The basic reason for Last Know Good was to allow backups for things that are involved in booting your computer. This system was not booting, so the optionmay have helped the original problem, unless you know the Auto Repair has already tried that.
Basically there are five Registry hive files inside
"System32\Config" folder. They are
SYSTEM, SOFTWARE, DEFAULT, SAM and
SECURITY. Upon booting, Windows will read this hive files and build the Registry dynamically depending on the hardware and software configuration of the system.
SOFTWARE is the hive file which usually stores all software configurations and
SYSTEM will have all hardware and driver related info. Usually
SYSTEM will be mounted in the Registry branch
HKEY_LOCAL_MACHINE\SYSTEM. Under that branch there will be at least two sub branches named
Controlset001 and
Controlset002 etc. A control set contains system configuration information such as device drivers and services. Usually Windows will only use either one of the Controlset at a time and the other one will be used a s a backup.
What are Control Sets? What is CurrentControlSet?
For example, if you install a new driver, a configuration information for it will be written under the current Controlset in use - let us say "Controlset001". Suppose If the new driver install crashed your system and when you select "Last Known Good", Windows will read the backup Controlset which doesn't contain the new changes ( in this case "Controlset002" ). Since the backup "Controlset" is not updated with new driver's configuration, usually the system will boot fine so you can troubleshoot the issue.
I would be interested in knowing, when a user cannot access the Reset function during a Repair option, what does deleting the HKLM\System key do to suddenly allow such access? Why was it designed in such a manner, and does it work the same way in Windows 8.1?

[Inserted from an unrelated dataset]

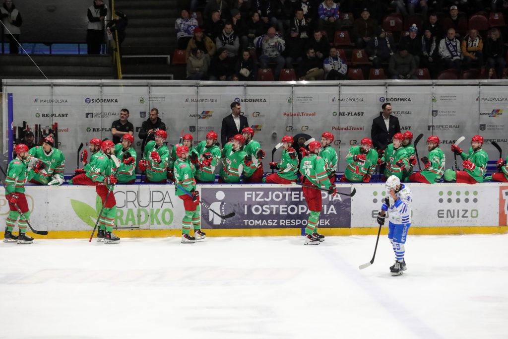 Podopieczni Roberta Kalabera wiedzieli, że muszą ruszyć, by jeszcze w tym starciu powalczyć. Gospodarze szybko znaleźli odpowiedź na poprzedni bramki Zagłębia. Już w 27. sekundzie trzeciej odsłony Peresunko świetnie wypatrzył Moutreya, a drugi z wymienionych ze spokojem ulokował gumę przy dalszym słupku bramki Halonena. Unici złapali kontakt i wiatr w żagle, ale świetnie spisywał się w bramce przyjezdnych Niilo Halonen, który bronił kolejne próby oświęcimian. Sosnowiczanie mieli kilka świetnych okazji w dalszej części trzeciej odsłony, ale ich nie wykorzystali. Oświęcimianie wykorzystali tą nieskuteczność gości i na nieco ponad 3 minuty przed końcem do wyrównania doprowadził Ołeksandr Peresunko, który wykorzystał błąd sosnowiczan i nie pomylił się w sytuacji sam na sam. Gdy wydawało się, że wszystko zmierza do dogrywki po wyrównaniu Unii, to błyskawicznie odpowiedzieli goście z Sosnowca. Zza bramki obsłużony został Jere Jokinen, który mając trochę miejsca i czasu znalazł lukę przy lewym słupku bramki Lundina i po raz kolejny wyprowadził podopiecznych trenera Lehtonena na prowadzenie. Przyjezdni tego prowadzenia już nie oddali i uporządkowali końcówkę spotkania pod swoje dyktando, czym znacznie zwiększyli swoje szanse w rywalizacji o brązowe medale.

As you already know, "Refresh" operation will preserve all installed drivers and modern apps. To do that the process must mount both SYSTEM and SOFTWARE hives and backup software and driver settings. Although "Reset" won't preserve anything, it will also try to mount the hives - may be because "Reset" and 'Refresh" are performed by same tool or "Reset" may trying to read licensing info to preserve activation status.
If one of the hive file is corrupted, the process won't be able to mount them and hence the operation will be failed. If we rename the hive files, "Reset" will skip the hive mounting process and continue the operation.
Sorry if this is confusing. I only barely speak English.